• Source records:
--- START ---

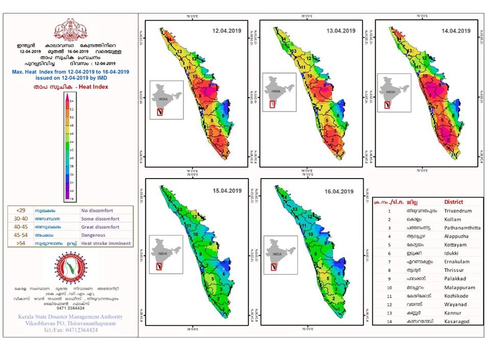 കേന്ദ്ര കാലാവസ്ഥാ വകുപ്പ് പുറപ്പെടുവിച്ച കാലാവസ്ഥാ വിശകലനത്തില് 2019 ഏപ്രില് 12, 13 തീയതികളില് തിരുവനന്തപുരം, കൊല്ലം, ആലപ്പുഴ, പാലക്കാട് എന്നീ ജില്ലകളില് ഉയര്ന്ന താപനില ശരാശരിയില് നിന്നും 2 മുതല് 4 ഡിഗ്രി വരെ ഉയരുവാന് സാധ്യതയുണ്ട് എന്ന് കാണുന്നു.
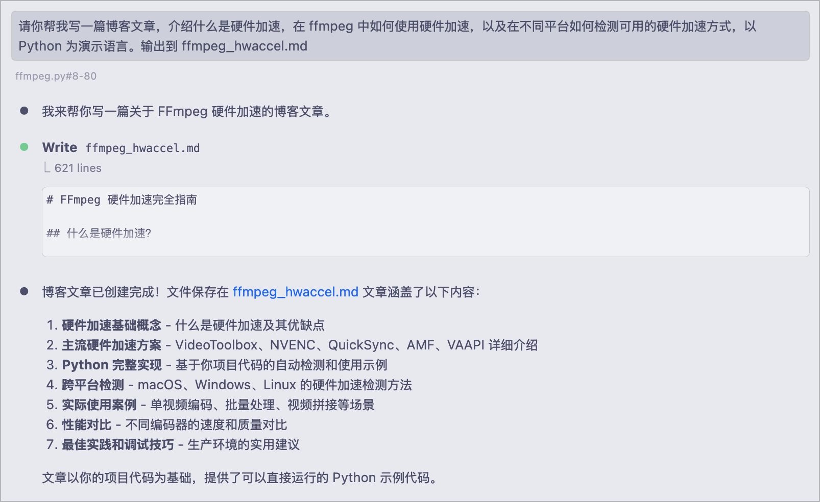 这种创作方式还挺有意思,因为很多时候在写完某个功能之后,会有很强的欲望想分享自己实现的方案,但是重新总结形成文字又是很消耗精力的过程(所以这篇才会被我拖了接近一年)。提供思路(文章大纲和代码),让 AI 代劳文字组织的过程,至少能形成一篇像模像样的文章。这跟「由 AI 生成」最大的区别就是,如果你让 AI 「写一篇 ffmpeg 硬件加速的文章」,这是没有你的功劳的。
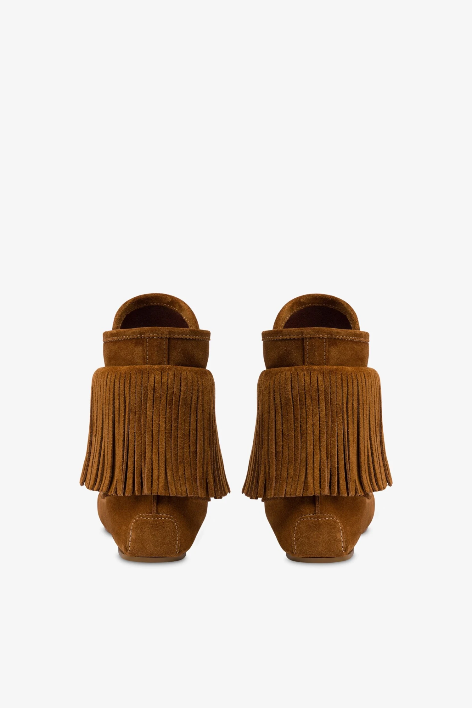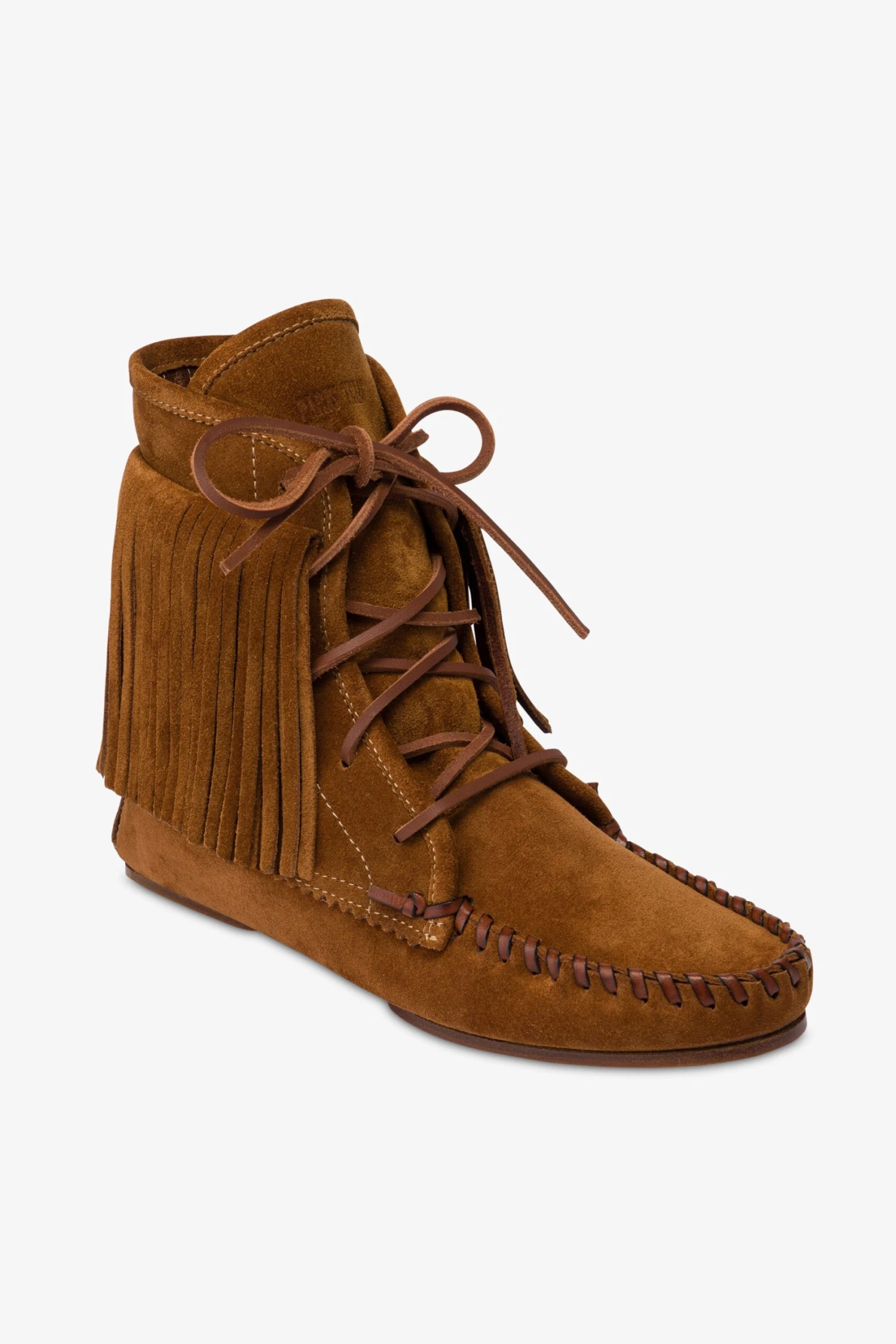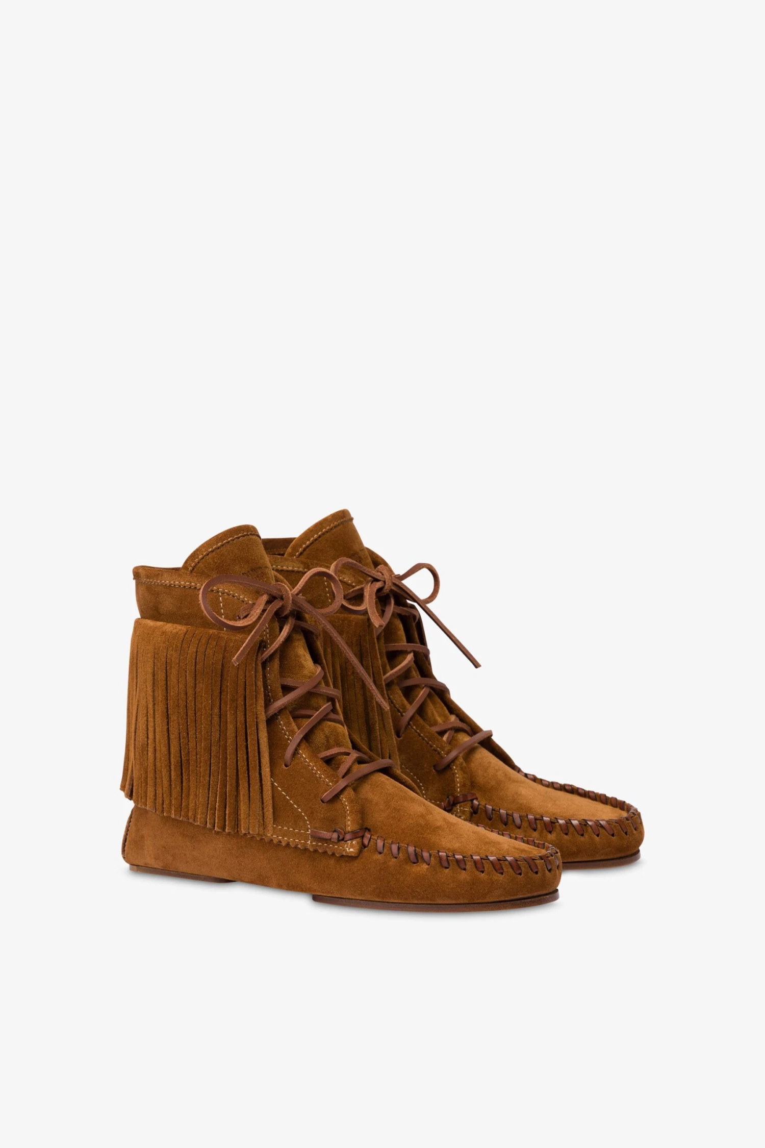 Lace-up ankle boots with fringing in cognac suede leather. Made in Italy.
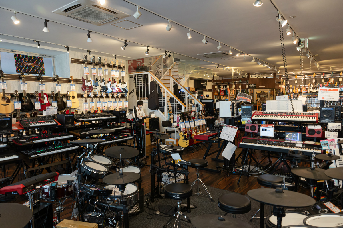 1階にさまざまなギターやベースがずらりと並ぶ同店。最大級のデジタル&ドラムフロアも備え、開放感のある店内でじっくり眺めながら選べるのも楽しいです。もちろん、ギターやベースなどはアンプを繋いでの試奏OK!
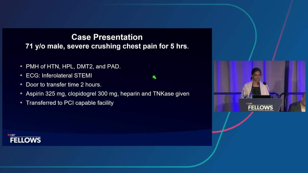 Presentation Fellows 2025 The Evolution in PCI Pharmacology: What You Need to Know Presenter: Anu Tunuguntla May 16, 2025 REGISTER for free or LOG IN to view this content Fellows 2025 Up Next Presentation Fellows 2025 Keynote Lecture: How a Thirst for Innovation Can Fuel Your Career Presenter: Juan F. Granada May 16, 2025 More slides + Presentation Fellows 2025 State-of-the-Art in NSTE-ACS: Management Strategies and Guidelines Update Presenter: Binita Shah May 16, 2025 Presentation Fellows 2025 Reperfusion Therapies in STEMI: Historical Perspective and Current Best Practices Presenter: Sanjog Kalra May 16, 2025 We Recommend Disclosures Nothing to disclose Video Player is loading.Play VideoPlaySkip BackwardSkip ForwardMuteCurrent Time 0:00/Duration 36:53Loaded: 0%00:00Stream Type LIVESeek to live, currently behind liveLIVERemaining Time -36:53 1xPlayback Rate2x1.75x1.5x1.25x1x, selected0.75x0.5xChaptersChaptersDescriptionsdescriptions off, selectedCaptionscaptions settings, opens captions settings dialogcaptions off, selectedAudio Tracken (Main), selectedPicture-in-PictureFullscreenThis is a modal window.Beginning of dialog window. Escape will cancel and close the window.TextColorWhiteBlackRedGreenBlueYellowMagentaCyanOpacityOpaqueSemi-TransparentText BackgroundColorBlackWhiteRedGreenBlueYellowMagentaCyanOpacityOpaqueSemi-TransparentTransparentCaption Area BackgroundColorBlackWhiteRedGreenBlueYellowMagentaCyanOpacityTransparentSemi-TransparentOpaqueFont Size50%75%100%125%150%175%200%300%400%Text Edge StyleNoneRaisedDepressedUniformDrop shadowFont FamilyProportional Sans-SerifMonospace Sans-SerifProportional SerifMonospace SerifCasualScriptSmall CapsResetDoneClose Modal DialogEnd of dialog window.Close Modal DialogThis is a modal window. This modal can be closed by pressing the Escape key or activating the close button.
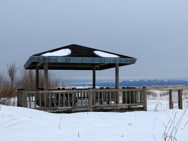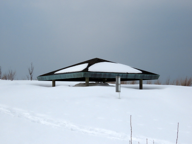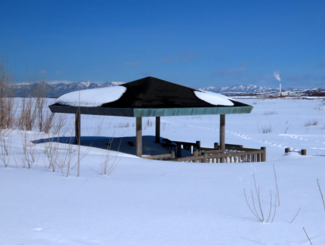 はまなすの丘のちょうど中ほどにひと休み用?のあずまやがあるが,最近6年の2月中ほどのあずまや風景を並べてみた。眺める角度がそれぞれで微妙に違うことを考慮に入れても,わーーーおっ!積雪が年ごとに減っているっ!と思ってしまうかもしれない。
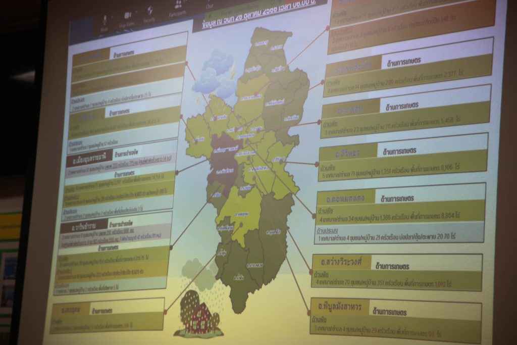 ZOOM Meeting ณ ที่ตั้งอำเภอ โดยที่ประชุมมีการรายงานผลกระทบที่ประชาชนได้รับจากอุทกภัย การขอประกาศ
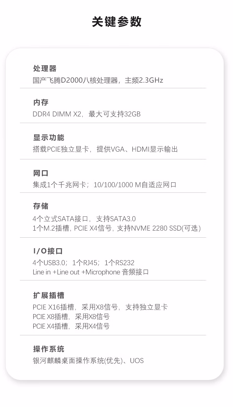 GITSTAR集特 国产2U工控机飞腾D2000支持4个USB工业电脑主机IPC-8820(16G/256GSSD+2T/2G独显) 自营
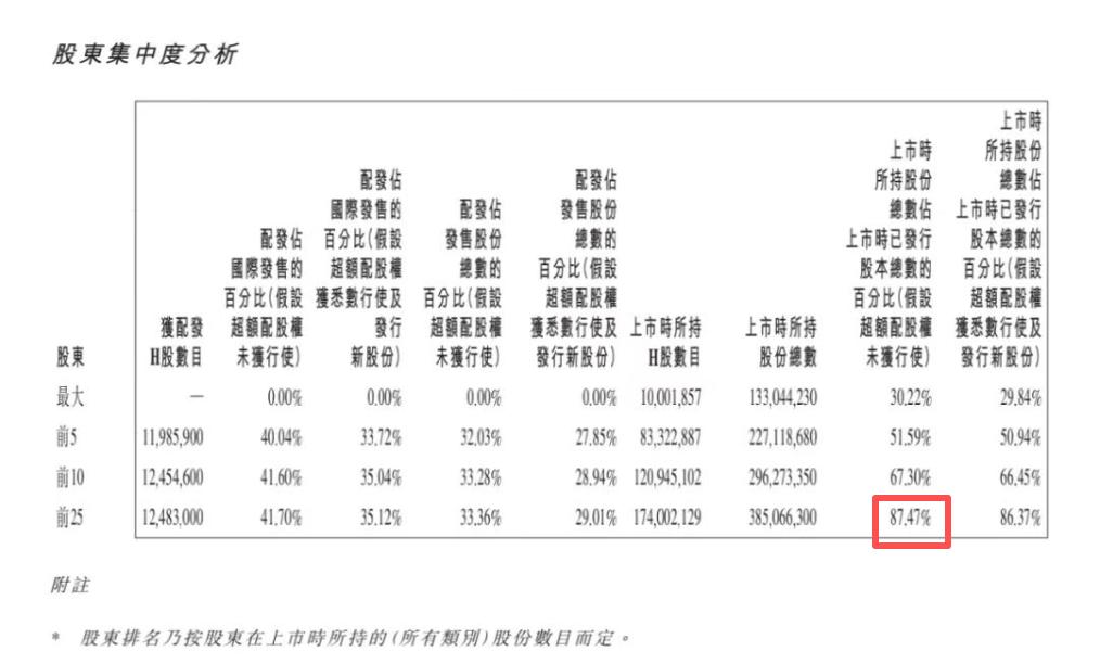 此外,智谱的股权结构高度集中。上市前,前25大股东合计持股高达87.47%;上市后,禁售股份占比高达91.5%,真正能在市场上自由流通的股份仅8.5%,对应市值仅275亿港元。
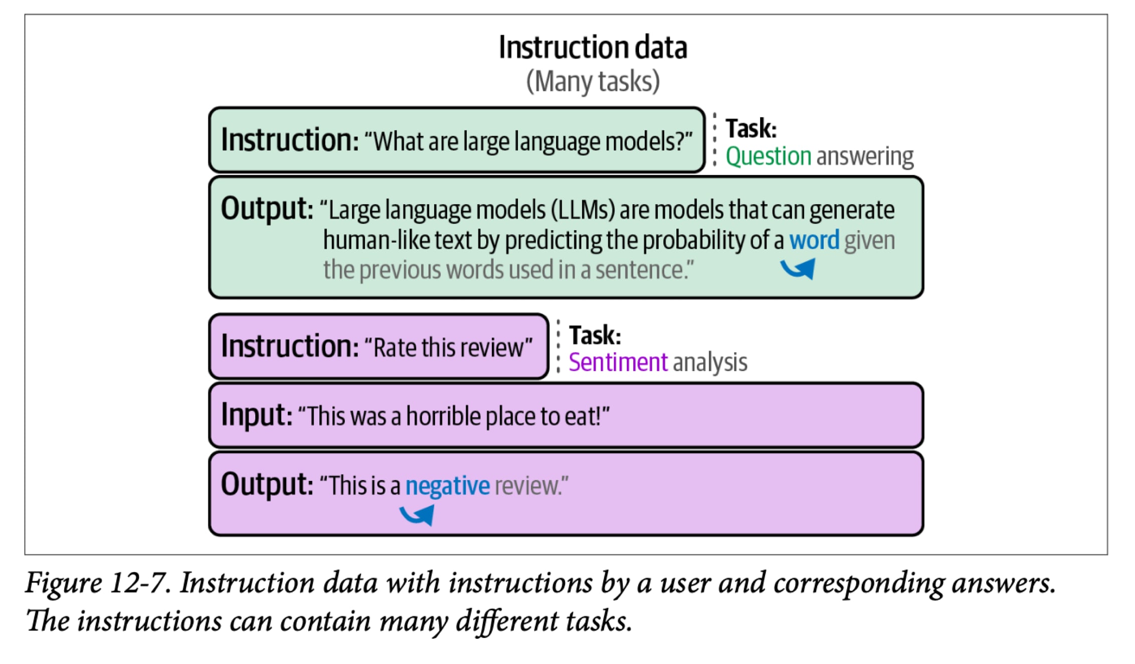 If you’re new to the concept of Supervised Fine-Tuning (SFT), that is the process that presents the model with training examples in the form of prompt and correct completion. This figure from chapter 12 shows a couple of SFT training examples:
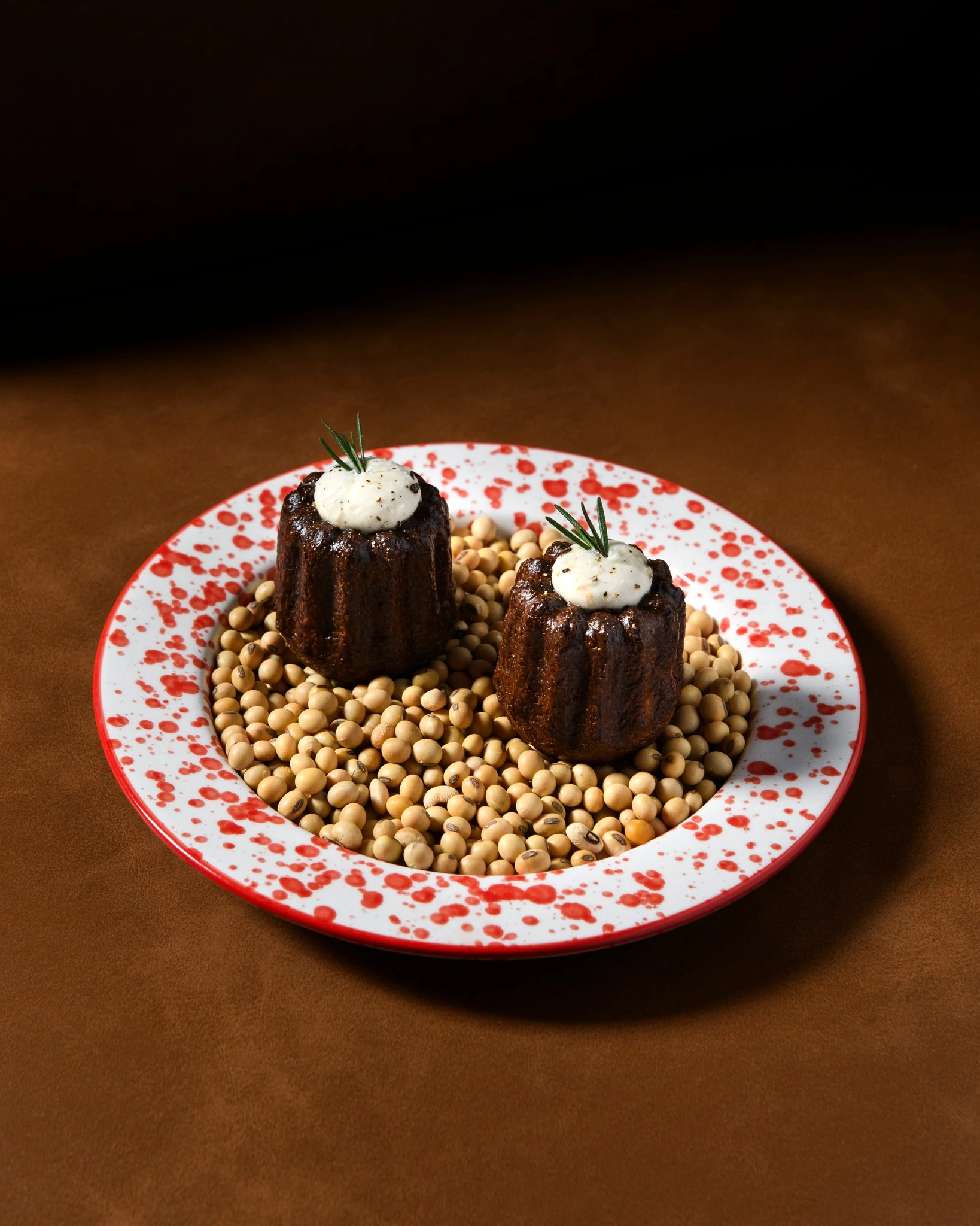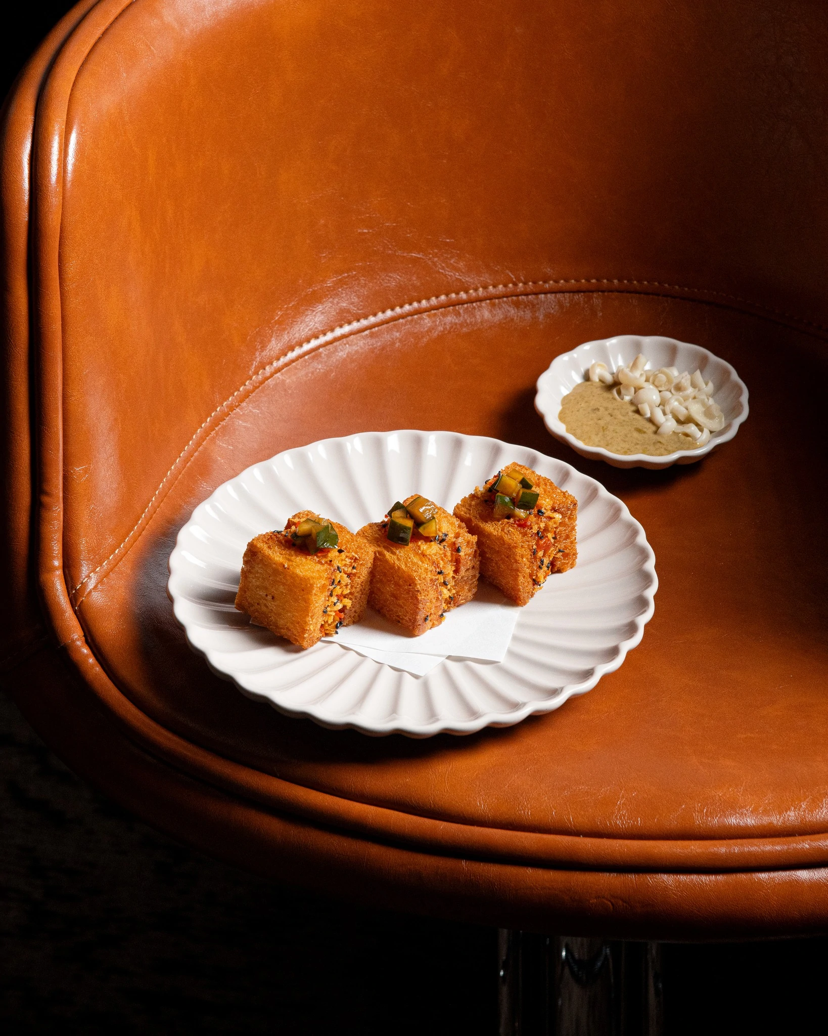 小食菜单同样充满实验精神:以经典娘惹点心Kueh Pie Tee为灵感的Hamachi Crudo Tart、配以发酵榴莲参巴的脆猪耳、甚至还有一款咸口可露丽——骨髓可露丽(Bone Marrow Canele)。 若想吃得扎实一些,来自泰国北部、采用泰日杂交和牛的Jasmine Wagyu(THB 750)绝对是值得一试的主角级选择。

--- END ---

• PROBLEM DETAILS: Quote, please, only the lines running from the one with "ZOOM Meeting ณ" down to the final line of the data above, keeping both ends and skipping the pictures.

• RESULT OF THE EXERCISE:
 ZOOM Meeting ณ ที่ตั้งอำเภอ โดยที่ประชุมมีการรายงานผลกระทบที่ประชาชนได้รับจากอุทกภัย การขอประกาศ
 GITSTAR集特 国产2U工控机飞腾D2000支持4个USB工业电脑主机IPC-8820(16G/256GSSD+2T/2G独显) 自营
 此外,智谱的股权结构高度集中。上市前,前25大股东合计持股高达87.47%;上市后,禁售股份占比高达91.5%,真正能在市场上自由流通的股份仅8.5%,对应市值仅275亿港元。
 If you’re new to the concept of Supervised Fine-Tuning (SFT), that is the process that presents the model with training examples in the form of prompt and correct completion. This figure from chapter 12 shows a couple of SFT training examples:
 小食菜单同样充满实验精神:以经典娘惹点心Kueh Pie Tee为灵感的Hamachi Crudo Tart、配以发酵榴莲参巴的脆猪耳、甚至还有一款咸口可露丽——骨髓可露丽(Bone Marrow Canele)。 若想吃得扎实一些,来自泰国北部、采用泰日杂交和牛的Jasmine Wagyu(THB 750)绝对是值得一试的主角级选择。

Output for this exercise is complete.